尋常ではない御二人の、ごく普通の日常です。

 


「ローズのだ」

「いいえ、旦那様のです」

 奥様と旦那様が食卓を挟んで睨み合い、一歩たりとも譲歩する気配がありません。

 仲睦まじい御二人ですが、その晩は珍しく夫婦喧嘩が勃発しました。



 事の発端は、商店街で買い物をしていた奥様が、乾物屋を覗き込んだ時の事です。

 おが屑が敷き詰められた箱の中に、幾つかの卵が半ば埋められていました。

「ご主人、これは?」

 奥様が(いぶか)しげな表情になるのも無理はありません。

 その卵は、親指ほどの大きさしかなかったのですから。

「この地方の縁起物でね」

 不思議そうな顔の奥様に、最近馴染みになった乾物屋の主人が苦笑します。

「町の年寄連中が春卵と呼んでいる、野鳥の卵さ。数が少ないから、結構値が張るんだよ」

 丘陵地帯の森の中で、地面に巣を作る鳥の卵だそうです。

 そして主人から聞いた値段に、奥様がびっくりしました。

 何しろ、この何倍も大きい鶏の卵より、はるかに高額なのです。

 そして値段を知った奥様は、卵への興味がすっかり失せてしまいました。

 姫君育ちなのにケチ臭い――いえ、節制を心掛ける奥様は、高価な食材に関心がないのです。

 そうとは気付かぬ主人が、さらに話を続けます。

「こいつを一個食べれば一年無病息災、精もついて寿命が延びると――――」

「買います!」

 奥様はビシッと、卵を指差しました。

「一個、ください!」

 大奮発して、ようやくこの程度な奥さまでした。



 旦那様が仕事から帰り、夕餉の時間となりました。

 今晩は、野菜の煮込み料理です。

 例の卵は茹でて皮をむき、旦那様のお椀の中に忍び込ませてあります。

 そこなら他の食材に紛れて、目立たないと奥様が浅知恵を働かせたようです。

 奥様が、乾物屋の主人が語った効能を真に受けたとは思えません。

 しかし、身体に良いと聞いてしまい、どうしても旦那様に食べさせたくなったのでしょう。

(しかし旦那様の分しか買わないところが実にケチ臭い――――いえ、奥様らしいですが)

(言い直しても意味ないからな? それに魔王である余が、たかが卵一個で影響されるものか)

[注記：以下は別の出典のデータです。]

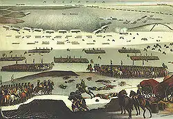 Le dur hiver 1657-1658 avait bloqué la flotte dano-norvégienne dans ses ports et le Grand et le Petit Belt séparant les îles danoises du continent étaient complètement gelés. Après être entrée dans le Jutland par le sud, une armée suédoise de 7 000 vétérans entreprit la traversée des détroits. Le , le Petit Belt est franchi et l'île de Funen (Fyn) est capturée en quelques jours puis c'est le tour de Langeland, Lolland et Falster. Le , l'armée suédoise poursuit à travers le Grand Belt et entre en Seeland où se trouve la capitale Copenhague. Même si seulement 5 000 hommes ont franchi les détroits, l'attaque suédoise est complètement inattendue. Frédéric III est obligé de signer le traité de Roskilde particulièrement désavantageux le [27]. La victoire suédoise est totale et lui permet de s'emparer de la Scanie, de l'île de Bornholm et des districts de Halland, Blekinge, Bohuslän et Trondheim.
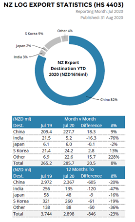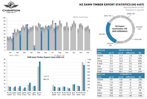 The export destinations for sawn timber are displayed below. Export sales for the 12 months ended July 2020 were 10% down on the 12-month period ended July 2019.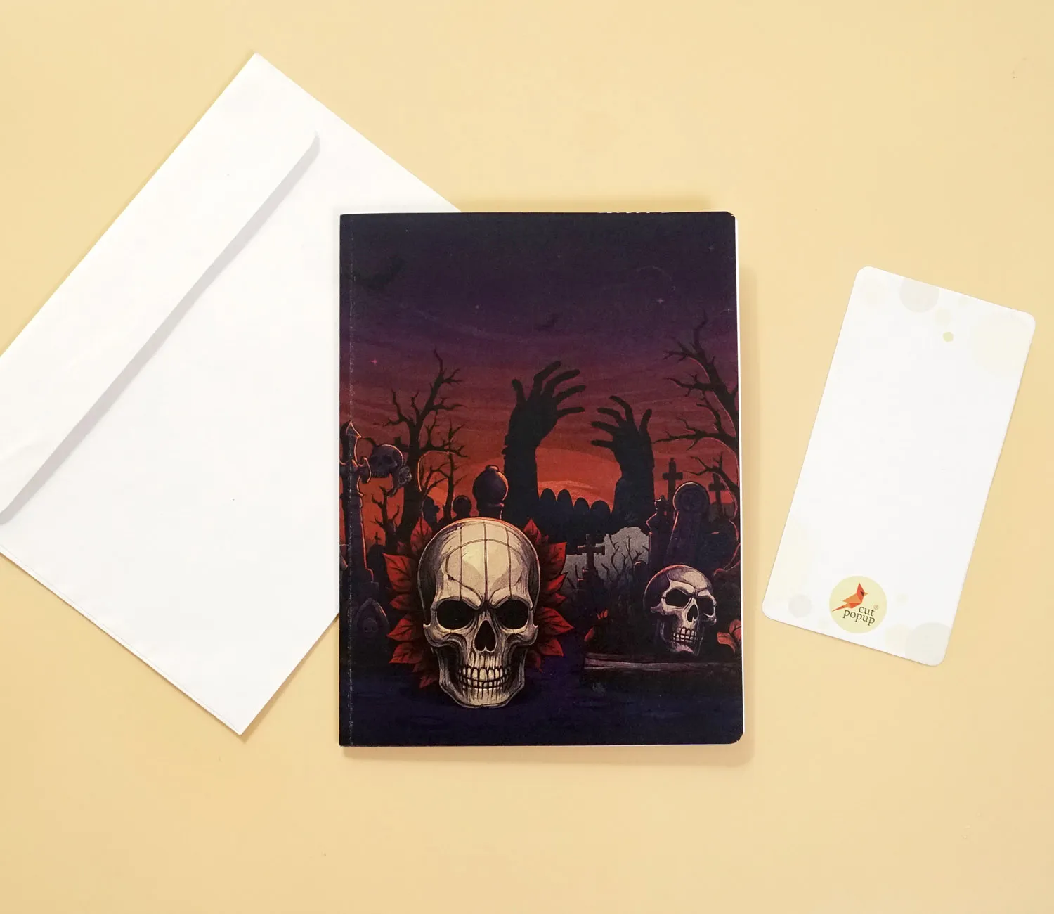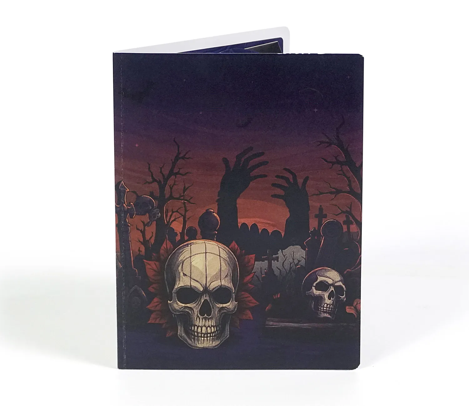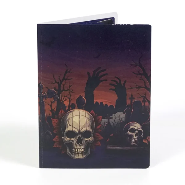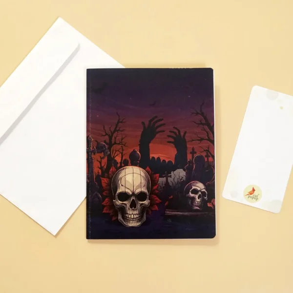 The Skyline effect gives the card remarkable depth. Each tombstone, skull, and shadowy figure stands upright, creating the feeling of stepping directly into the heart of a haunted cemetery. The bold design draws the viewer deeper with every glance, making the card feel less like paper and more like an eerie, theatrical experience.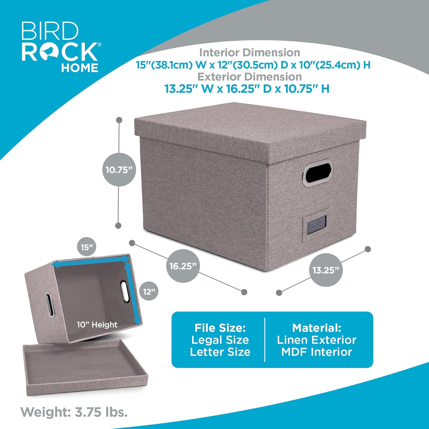 - INCLUDES 2 FILE BOXES. *FILE FOLDERS NOT INCLUDED. DIMENSIONS: Interior Dimensions: 15"(38.1cm) Width x 12"(30.5cm) Depth x 10"(25.4cm) Height; Exterior Dimensions: 13.25" Width x 16.25" Depth x 10.75" Height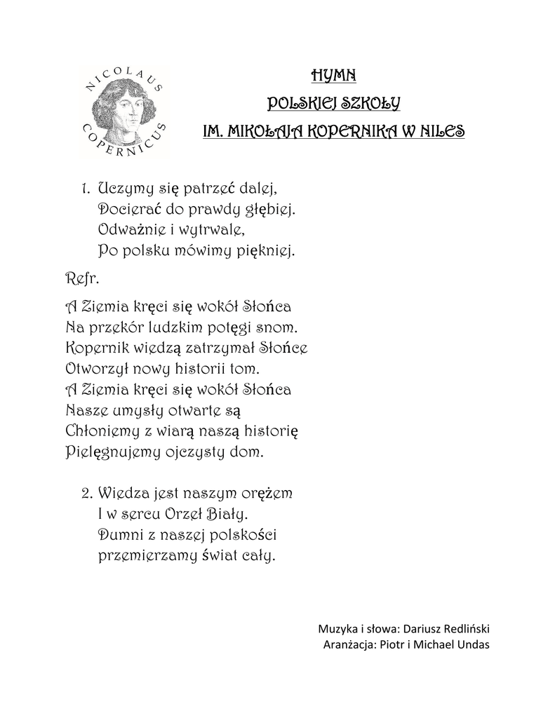 HYMN POLSKIEJ SZKOŁY IM. MIKOŁAJA KOPERNIKA W NILES 1. Uczymy się patrzeć dalej, Docierać do prawdy głębiej. Odważnie i wytrwale, Po polsku mówimy piękniej. Refr. A Ziemia kręci się wokół Słońca Na przekór ludzkim potęgi snom. Kopernik wiedzą zatrzymał Słońce Otworzył nowy historii tom. A Ziemia kręci się wokół Słońca Nasze umysły otwarte są Chłoniemy z wiarą naszą historię Pielęgnujemy ojczysty dom. 2. Wiedza jest naszym orężem I w sercu Orzeł Biały. Dumni z naszej polskości przemierzamy świat cały. Muzyka i słowa: Dariusz Redliński Aranżacja: Piotr i Michael Undas

 まあ、金はもったいないが、旦那様だけでも食べさせたい。そんな心情なのでしょう。

 しかし結果的には、それが裏目に出てしまいました。


「これ、ひょっとして春卵かい?」

 目敏(めざと)く卵を発見した旦那様が、スプーンで(すく)いあげて首を傾げました。

「ご存じなのですか!?」

 奥様が驚きの声を上げます。

 王都暮らしが長い旦那様が知っているとは、わたしだって思いもしませんでした。

「レトに聞いたんだ、奥さんに食べさせてやりたいって」

(マヤ父めえ! 余計なことを!)

 仲良しであるマヤ、その父親であるレトを、奥様は心の中で(ののし)ります。

「レトには申し訳ないけど、せっかくローズが奮発してくれたんだから――――」

 そこで不意に、旦那様の言葉が途切れました。

「ローズの分は?」

 旦那様が、奥様のお椀を覗き込みます。

「わたしはもう頂きましたよ?」

 しれっと答える奥様。もちろん、勘の鋭い旦那様には通じません。

 そもそも旦那様が食べる前に、奥様が食事に匙をつけることはないのです。

 柔らかい笑みを浮かべた旦那様が、奥様のお椀にポチャンと卵を落としました。

「これは、ローズがお食べ?」

 奥様はにこやかに笑いながら卵をスプーンで掬い、旦那様のお椀にポチャンと戻します。

「いえ、これは旦那様の分ですから、旦那様が召し上がって下さい」

「いや、ローズが食べなよ」

 ポチャン

「いえいえ、旦那様が」

 ポチャン

「ローズが」

「旦那様が」

 ポチャンポチャン

 卵が御二人のお椀を何度も往復するたびに、次第に険悪になる空気。

「いつも美味しい食事を作ってくれるローズが」

「力仕事をされている旦那様は滋養をつけなけいと」

 ポチャンポチャンポチャンポチャンポチャン

 しまいには御二人とも眉を吊り上げ、卵を押し付け合います。

「家中を綺麗にして布団もフカフカにしてくれるローズが」

「せっかくの休日でも庭の草むしりをしてくれる旦那様が」

「ローズは食事の準備で忙しいのに、風呂で背中を流してくれるじゃないか!」

「旦那様だって、いつも洗い物を手伝ってくれるじゃないですか!」

 口論がエスカレートして、御二人は刺々しく相手の美点をあげつらって罵り合いました。


 ――――これ、夫婦喧嘩、ですよね?


 そしてついに、奥様が一喝しました。

「出されたものを残さず食べるのが、料理を作った者への礼儀です!」

 これには旦那様も、ぐうの音もありません。

 仏頂面で卵を口に入れ、ゆっくりと咀嚼してから呑み込みました。

 それから気まずい雰囲気のまま、会話もなく食事が進みます。


 なんというか、実に爽快な気分でした。

 御二人の普段の甘ったるい空気には、正直辟易していたのです。

 たまにはこんな日があっても良いのではないでしょうか。

 ――――どうせ明日になったら、仲直りしているのですから。


「…………美味しかった」

 食事を終えた旦那様が、ぼそりと呟きました。

「…………卵のおかげで、元気になった」

 口をへの字に曲げた旦那様が、顔を背けます。

「夜、ちゃんとお礼をするから」


 真っ赤になった奥様が、食卓をそそくさと片付けます。

 そして食器を抱え、逃げるように台所に駆け込みました。

 ――――どうやら、明日を待つまでもなかったようです。


 その晩、御二人はだいぶ早い時間に、手をつなぎながら寝室へと引き上げました

 最後にわたしが見たのは、扉の向こう側に引きずり込まれる奥様の姿でしたとさ。


 めでたし、めでたし。



 …………けっ



機会があれば、またお会いしましょう。